## Given information
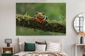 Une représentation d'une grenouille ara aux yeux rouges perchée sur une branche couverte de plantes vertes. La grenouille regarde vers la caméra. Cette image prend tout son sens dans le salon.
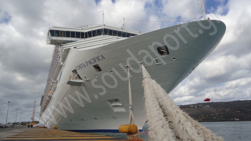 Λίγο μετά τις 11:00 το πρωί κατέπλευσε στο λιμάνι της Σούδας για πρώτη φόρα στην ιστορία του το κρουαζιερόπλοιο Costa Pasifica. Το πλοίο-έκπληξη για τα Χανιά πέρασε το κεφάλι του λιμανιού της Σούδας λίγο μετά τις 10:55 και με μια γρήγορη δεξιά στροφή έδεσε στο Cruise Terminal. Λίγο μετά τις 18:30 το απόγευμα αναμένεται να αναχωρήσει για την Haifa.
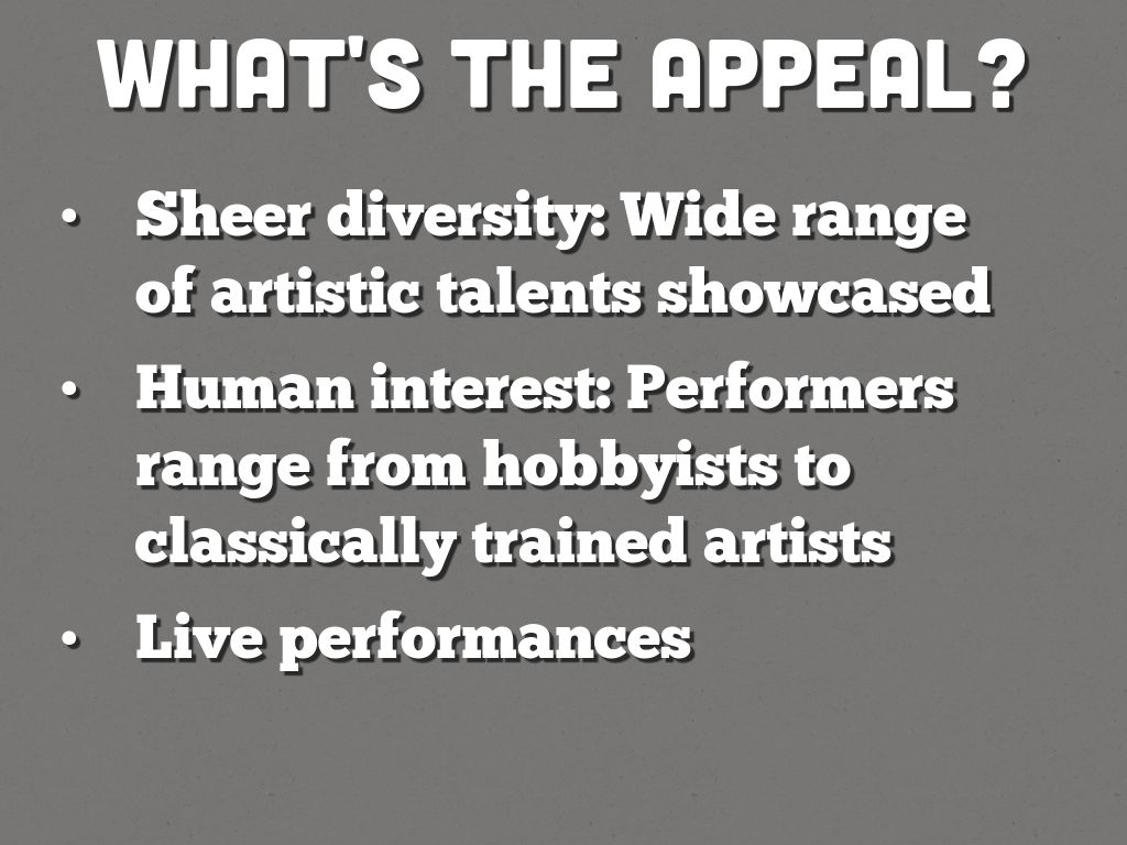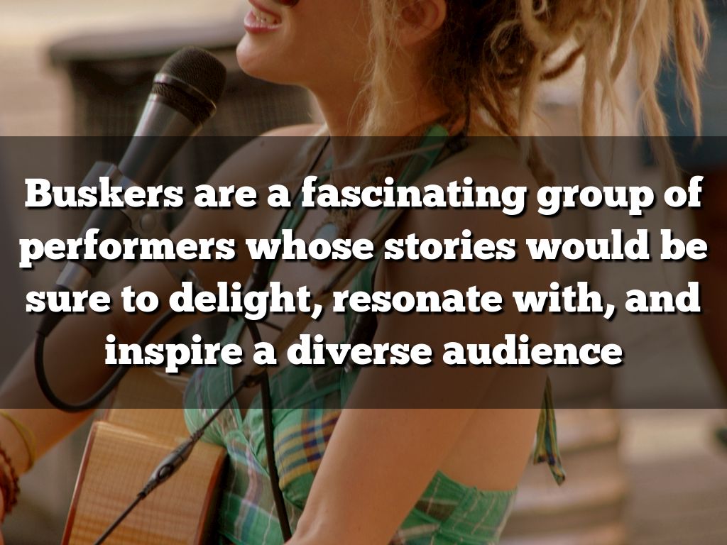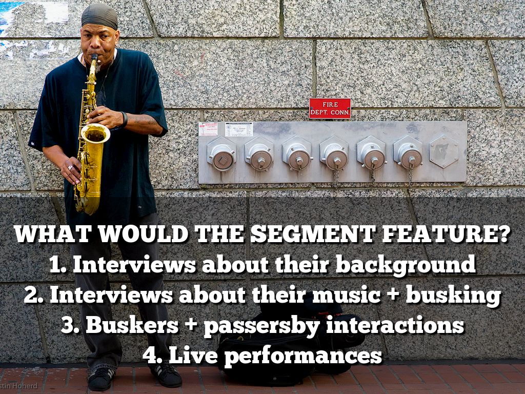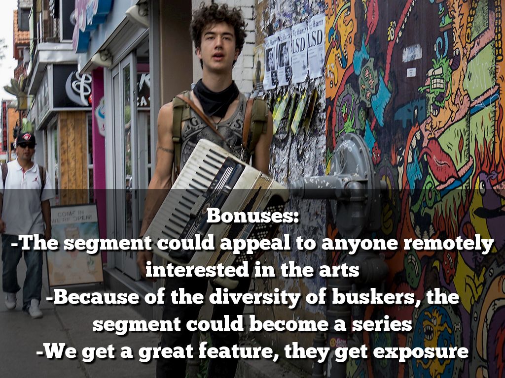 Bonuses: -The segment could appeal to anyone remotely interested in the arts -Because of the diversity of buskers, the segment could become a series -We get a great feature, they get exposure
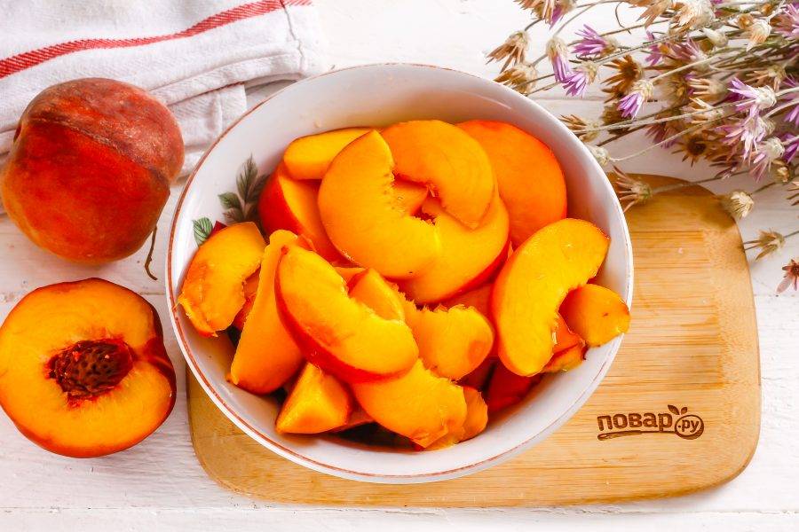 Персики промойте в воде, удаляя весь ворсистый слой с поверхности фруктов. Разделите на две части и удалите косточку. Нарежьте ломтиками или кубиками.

## Your assignment
The answer is the full listing above, reproduced character for character, minus its images.

## Task solution
 Une représentation d'une grenouille ara aux yeux rouges perchée sur une branche couverte de plantes vertes. La grenouille regarde vers la caméra. Cette image prend tout son sens dans le salon.
 Λίγο μετά τις 11:00 το πρωί κατέπλευσε στο λιμάνι της Σούδας για πρώτη φόρα στην ιστορία του το κρουαζιερόπλοιο Costa Pasifica. Το πλοίο-έκπληξη για τα Χανιά πέρασε το κεφάλι του λιμανιού της Σούδας λίγο μετά τις 10:55 και με μια γρήγορη δεξιά στροφή έδεσε στο Cruise Terminal. Λίγο μετά τις 18:30 το απόγευμα αναμένεται να αναχωρήσει για την Haifa.
 Bonuses: -The segment could appeal to anyone remotely interested in the arts -Because of the diversity of buskers, the segment could become a series -We get a great feature, they get exposure
 Персики промойте в воде, удаляя весь ворсистый слой с поверхности фруктов. Разделите на две части и удалите косточку. Нарежьте ломтиками или кубиками.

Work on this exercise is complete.